HOW TO COMPLETE THIS TASK → The answer must be only the lines below from the one holding "背部刻古錢手鍊 彈性 】開光 擇日" down to the one holding "XL size glossy", ends included, printed exactly; please omit all pictures.

DATA RECORDS →
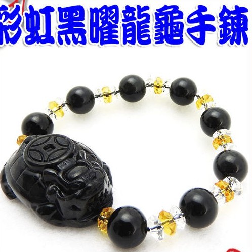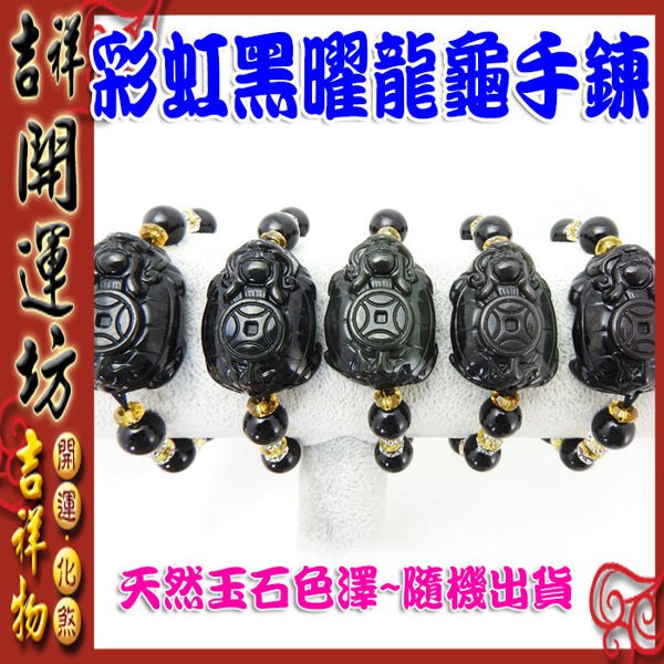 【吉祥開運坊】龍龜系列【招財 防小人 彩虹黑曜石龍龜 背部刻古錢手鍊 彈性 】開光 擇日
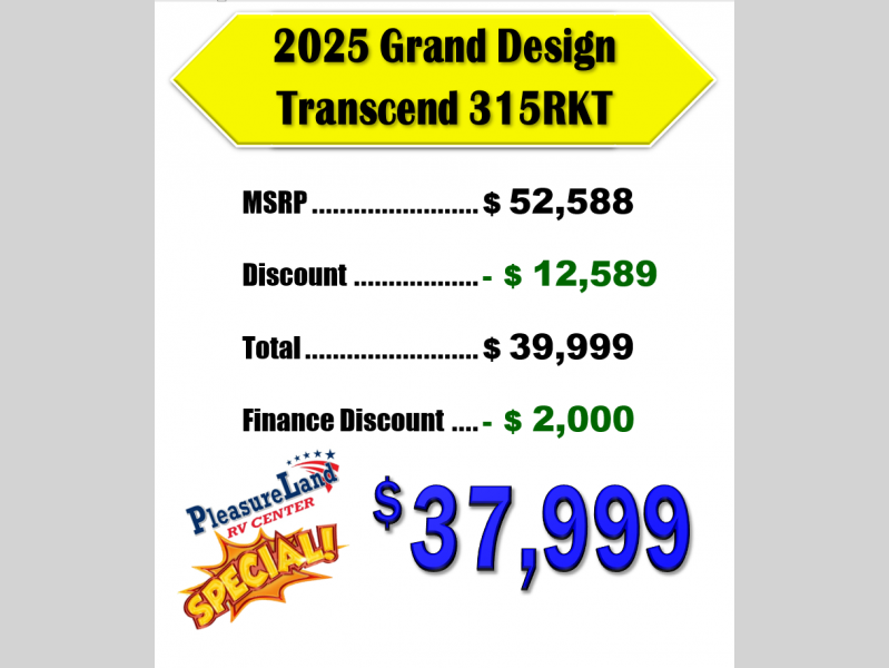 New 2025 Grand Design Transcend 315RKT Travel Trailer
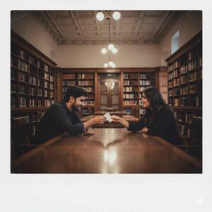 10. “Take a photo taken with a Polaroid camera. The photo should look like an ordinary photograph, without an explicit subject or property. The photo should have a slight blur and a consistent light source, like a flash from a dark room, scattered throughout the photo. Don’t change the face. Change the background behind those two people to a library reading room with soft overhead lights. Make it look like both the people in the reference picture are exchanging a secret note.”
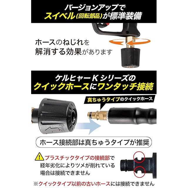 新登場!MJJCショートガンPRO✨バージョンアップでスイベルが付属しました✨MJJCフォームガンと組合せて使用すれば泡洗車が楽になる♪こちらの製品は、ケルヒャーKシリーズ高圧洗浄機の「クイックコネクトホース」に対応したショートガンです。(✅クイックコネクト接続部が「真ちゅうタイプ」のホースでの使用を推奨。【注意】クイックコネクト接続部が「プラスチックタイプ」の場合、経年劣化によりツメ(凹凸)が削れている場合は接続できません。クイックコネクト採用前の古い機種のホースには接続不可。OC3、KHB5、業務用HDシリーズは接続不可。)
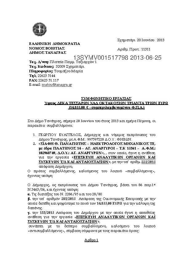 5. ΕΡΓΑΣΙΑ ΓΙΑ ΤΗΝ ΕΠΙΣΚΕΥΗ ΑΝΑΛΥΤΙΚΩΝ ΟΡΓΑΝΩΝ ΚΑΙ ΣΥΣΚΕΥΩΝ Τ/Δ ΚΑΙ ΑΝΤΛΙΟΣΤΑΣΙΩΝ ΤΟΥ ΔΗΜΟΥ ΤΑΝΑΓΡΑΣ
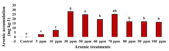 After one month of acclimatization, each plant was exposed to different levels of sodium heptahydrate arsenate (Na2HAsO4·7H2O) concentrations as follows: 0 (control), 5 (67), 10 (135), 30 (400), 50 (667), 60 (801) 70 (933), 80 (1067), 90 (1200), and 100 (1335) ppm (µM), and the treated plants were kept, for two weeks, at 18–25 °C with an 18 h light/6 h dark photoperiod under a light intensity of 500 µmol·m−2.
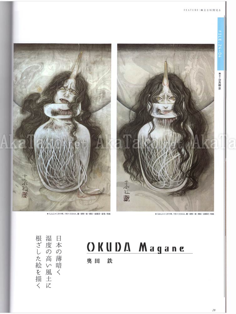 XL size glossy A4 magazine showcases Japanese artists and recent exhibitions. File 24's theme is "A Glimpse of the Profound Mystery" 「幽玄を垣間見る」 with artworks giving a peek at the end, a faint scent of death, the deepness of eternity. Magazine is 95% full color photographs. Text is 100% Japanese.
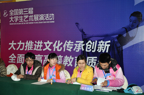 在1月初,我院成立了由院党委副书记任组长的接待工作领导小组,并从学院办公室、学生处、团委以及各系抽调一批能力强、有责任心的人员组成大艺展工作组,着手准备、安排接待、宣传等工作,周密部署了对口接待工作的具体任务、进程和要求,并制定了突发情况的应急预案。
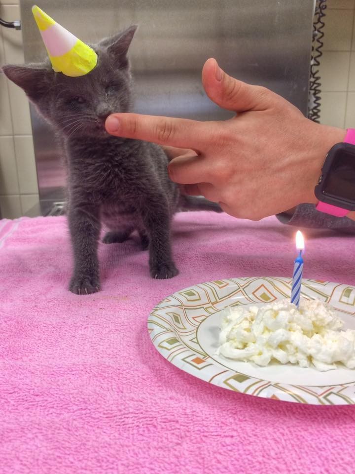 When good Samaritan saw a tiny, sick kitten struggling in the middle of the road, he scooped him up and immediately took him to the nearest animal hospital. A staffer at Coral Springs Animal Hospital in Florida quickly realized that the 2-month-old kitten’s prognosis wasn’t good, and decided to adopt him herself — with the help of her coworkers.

---

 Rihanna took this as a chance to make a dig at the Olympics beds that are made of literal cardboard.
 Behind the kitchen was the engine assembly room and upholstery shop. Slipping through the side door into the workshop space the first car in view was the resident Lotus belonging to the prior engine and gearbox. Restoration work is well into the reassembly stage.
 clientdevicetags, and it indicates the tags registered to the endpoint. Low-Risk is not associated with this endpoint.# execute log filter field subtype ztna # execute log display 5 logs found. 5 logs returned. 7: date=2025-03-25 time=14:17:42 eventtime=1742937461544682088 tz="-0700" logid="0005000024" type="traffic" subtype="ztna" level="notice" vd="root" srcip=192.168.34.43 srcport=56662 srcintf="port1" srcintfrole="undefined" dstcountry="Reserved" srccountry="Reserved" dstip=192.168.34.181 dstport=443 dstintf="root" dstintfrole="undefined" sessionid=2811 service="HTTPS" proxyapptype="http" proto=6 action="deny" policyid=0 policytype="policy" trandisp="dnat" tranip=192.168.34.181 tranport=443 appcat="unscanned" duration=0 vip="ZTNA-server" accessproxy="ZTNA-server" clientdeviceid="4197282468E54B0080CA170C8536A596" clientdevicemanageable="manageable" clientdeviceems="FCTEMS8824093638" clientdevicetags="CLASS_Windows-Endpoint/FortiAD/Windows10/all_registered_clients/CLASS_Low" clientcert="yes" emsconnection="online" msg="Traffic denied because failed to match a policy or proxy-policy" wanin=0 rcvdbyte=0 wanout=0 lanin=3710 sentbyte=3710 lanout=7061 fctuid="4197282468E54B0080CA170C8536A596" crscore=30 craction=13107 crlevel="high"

SOLUTION TO THE PROBLEM →
 【吉祥開運坊】龍龜系列【招財 防小人 彩虹黑曜石龍龜 背部刻古錢手鍊 彈性 】開光 擇日
 New 2025 Grand Design Transcend 315RKT Travel Trailer
 10. “Take a photo taken with a Polaroid camera. The photo should look like an ordinary photograph, without an explicit subject or property. The photo should have a slight blur and a consistent light source, like a flash from a dark room, scattered throughout the photo. Don’t change the face. Change the background behind those two people to a library reading room with soft overhead lights. Make it look like both the people in the reference picture are exchanging a secret note.”
 新登場!MJJCショートガンPRO✨バージョンアップでスイベルが付属しました✨MJJCフォームガンと組合せて使用すれば泡洗車が楽になる♪こちらの製品は、ケルヒャーKシリーズ高圧洗浄機の「クイックコネクトホース」に対応したショートガンです。(✅クイックコネクト接続部が「真ちゅうタイプ」のホースでの使用を推奨。【注意】クイックコネクト接続部が「プラスチックタイプ」の場合、経年劣化によりツメ(凹凸)が削れている場合は接続できません。クイックコネクト採用前の古い機種のホースには接続不可。OC3、KHB5、業務用HDシリーズは接続不可。)
 5. ΕΡΓΑΣΙΑ ΓΙΑ ΤΗΝ ΕΠΙΣΚΕΥΗ ΑΝΑΛΥΤΙΚΩΝ ΟΡΓΑΝΩΝ ΚΑΙ ΣΥΣΚΕΥΩΝ Τ/Δ ΚΑΙ ΑΝΤΛΙΟΣΤΑΣΙΩΝ ΤΟΥ ΔΗΜΟΥ ΤΑΝΑΓΡΑΣ
 After one month of acclimatization, each plant was exposed to different levels of sodium heptahydrate arsenate (Na2HAsO4·7H2O) concentrations as follows: 0 (control), 5 (67), 10 (135), 30 (400), 50 (667), 60 (801) 70 (933), 80 (1067), 90 (1200), and 100 (1335) ppm (µM), and the treated plants were kept, for two weeks, at 18–25 °C with an 18 h light/6 h dark photoperiod under a light intensity of 500 µmol·m−2.
 XL size glossy A4 magazine showcases Japanese artists and recent exhibitions. File 24's theme is "A Glimpse of the Profound Mystery" 「幽玄を垣間見る」 with artworks giving a peek at the end, a faint scent of death, the deepness of eternity. Magazine is 95% full color photographs. Text is 100% Japanese.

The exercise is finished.